The Color of Cyan seeps back in with monumental force on the face-melting "Hail the Mountains," the first single from their forthcoming third LP, "As Human." This music demands to be not just heard but felt from the very first swell.

The Puerto Rico-based post-rock band constructs a churning, wordless epic that's both majestic and meditative. Propelled by tremolo-picked guitars that polish like a frigid alpine wind and music that feels as expansive and epic as a mountain range, the song slows down time. It achieves that rare sensation of standing still while everything else is in motion. It's meditative and monumental at once. This is a band that knows how to construct. For nearly seven minutes, "Hail the Mountains" moves like tectonic plates, slow, large, inexorable. The instrumentation ebbs and flows in emotional waves that capture the exquisite tension between human fragility and the permanence of nature. There's no urgency to the peak, the journey is the purpose, and each sound layer feels like a statement carved from silence, like a rock from the earth.

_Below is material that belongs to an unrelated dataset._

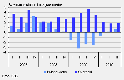 Het volume van de totale overheidsconsumptie is in het derde kwartaal van 2010 met 1,8 procent gestegen ten opzichte van het overeenkomstige kwartaal een jaar eerder. De groei van de overheidsconsumptie in natura bedroeg ruim 3 procent. Deze werd vooral veroorzaakt door uitgaven aan zorg die door de overheid gefinancierd worden. De consumptie van het rijk kromp licht, maar daartegenover staat dat vooral de consumptie van sociale verzekeringsinstellingen, overig openbaar bestuur, defensie en gemeenten een groei lieten zien. Hierdoor is de collectieve overheidsconsumptie met 0,6 procent toegenomen. De groei van de individualiseerbare overheidsconsumptie was 1,4 procent. Deze groei was vooral het gevolg van toenemende leerlingaantallen in het hoger onderwijs.

And when you think the storm has passed, The Color of Cyan pulls something over on you. The song haunts and fades to a quiet acoustic outro, like a breathy echo of footfalls on snow or beams of sun on the first day of spring after a long winter. It's an ending that feels as much like a beginning, a taking stock that's something more, a breath that's grateful, steady, and deeply human.

"Hail the Mountains" doesn't jump on trends. It doesn't saunter by, doesn't shimmy, doesn't beg for attention via flash or frenzy. Instead, it hoists its flag into a country all its own stoic, wide-open, and eternal.